### What is required
Your response should consist of the entire listing, transcribed exactly, with every image left out.
[Provided material Boundary: Start]
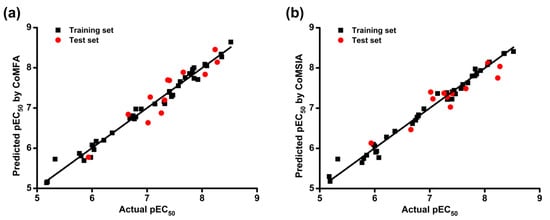 Scatter pot of actual against predicted pEC50 values. (a) CoMFA model; (b) CoMSIA model.
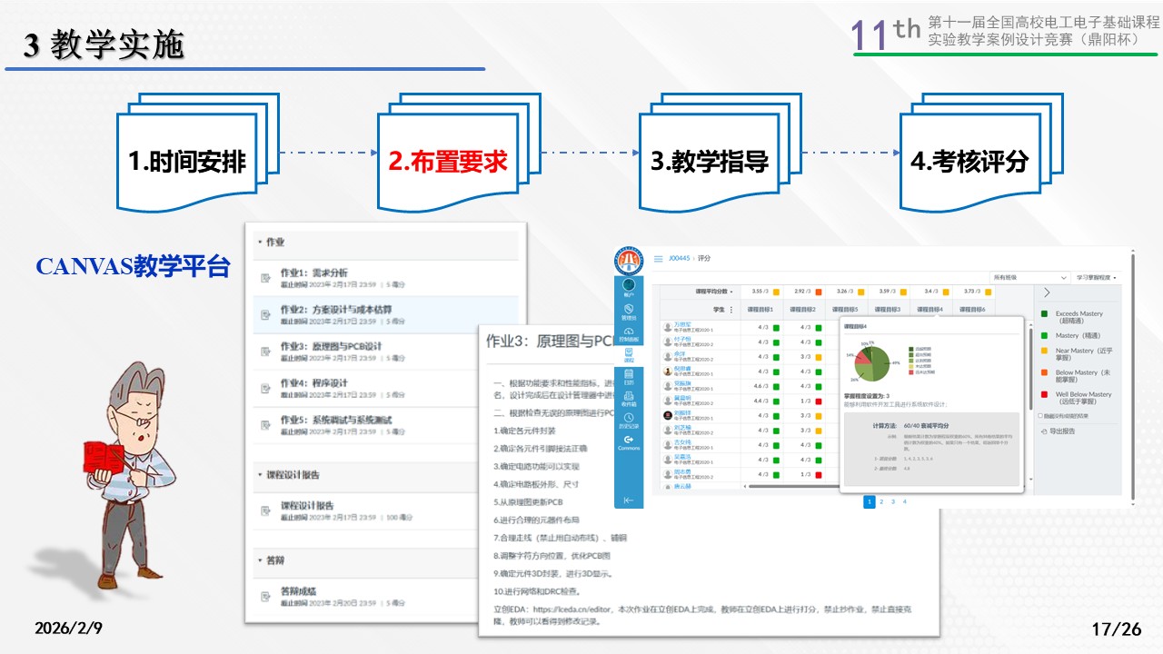 实验教学平台:主要使用本校自主设计的嵌入式教学开发板进行实验教学,并使用canvas线上系统进行课下的交流与互动,可以完成作业提交、批改以及总体进度的查看。
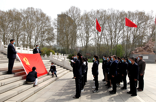 3月31日上午,在五分公司党总支的组织下,机关第一、二党支部在家党员、团员青年、群众共三十余人统一着装,徒步来到华北军区烈士陵园,开展“缅怀英烈 爱国教育”主题党日活动。为了让团员青年、群众都受到教育,此次活动范围扩大到了全体职工。在纪念碑前,全体职工向长眠在此的烈士们致默哀、三鞠躬,之后整齐列队、缓步向烈士们献上自己亲自动手制作的小白花,随后面向纪念碑,右手举拳,在党总支书记贾银建领誓下,立足岗位郑重宣誓。
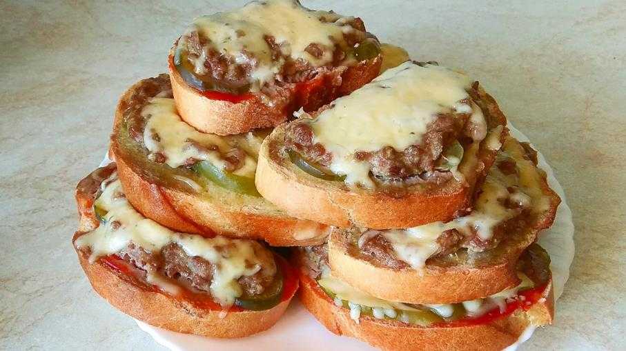 Горячая закуска с фаршем и сыром представляет собой сытный, сочный и аппетитный перекус, который легко способен заменить собой полноценный обед. Секрет блюда в том, что сырная корочка плотно закупоривает мясные поры, делая фарш удивительно сочным. Если заранее пропитать ломтики хлеба молоком, то бутерброды окажутся максимально нежными.
[Provided material Boundary: End]
### Final answer
 Scatter pot of actual against predicted pEC50 values. (a) CoMFA model; (b) CoMSIA model.
 实验教学平台:主要使用本校自主设计的嵌入式教学开发板进行实验教学,并使用canvas线上系统进行课下的交流与互动,可以完成作业提交、批改以及总体进度的查看。
 3月31日上午,在五分公司党总支的组织下,机关第一、二党支部在家党员、团员青年、群众共三十余人统一着装,徒步来到华北军区烈士陵园,开展“缅怀英烈 爱国教育”主题党日活动。为了让团员青年、群众都受到教育,此次活动范围扩大到了全体职工。在纪念碑前,全体职工向长眠在此的烈士们致默哀、三鞠躬,之后整齐列队、缓步向烈士们献上自己亲自动手制作的小白花,随后面向纪念碑,右手举拳,在党总支书记贾银建领誓下,立足岗位郑重宣誓。
 Горячая закуска с фаршем и сыром представляет собой сытный, сочный и аппетитный перекус, который легко способен заменить собой полноценный обед. Секрет блюда в том, что сырная корочка плотно закупоривает мясные поры, делая фарш удивительно сочным. Если заранее пропитать ломтики хлеба молоком, то бутерброды окажутся максимально нежными.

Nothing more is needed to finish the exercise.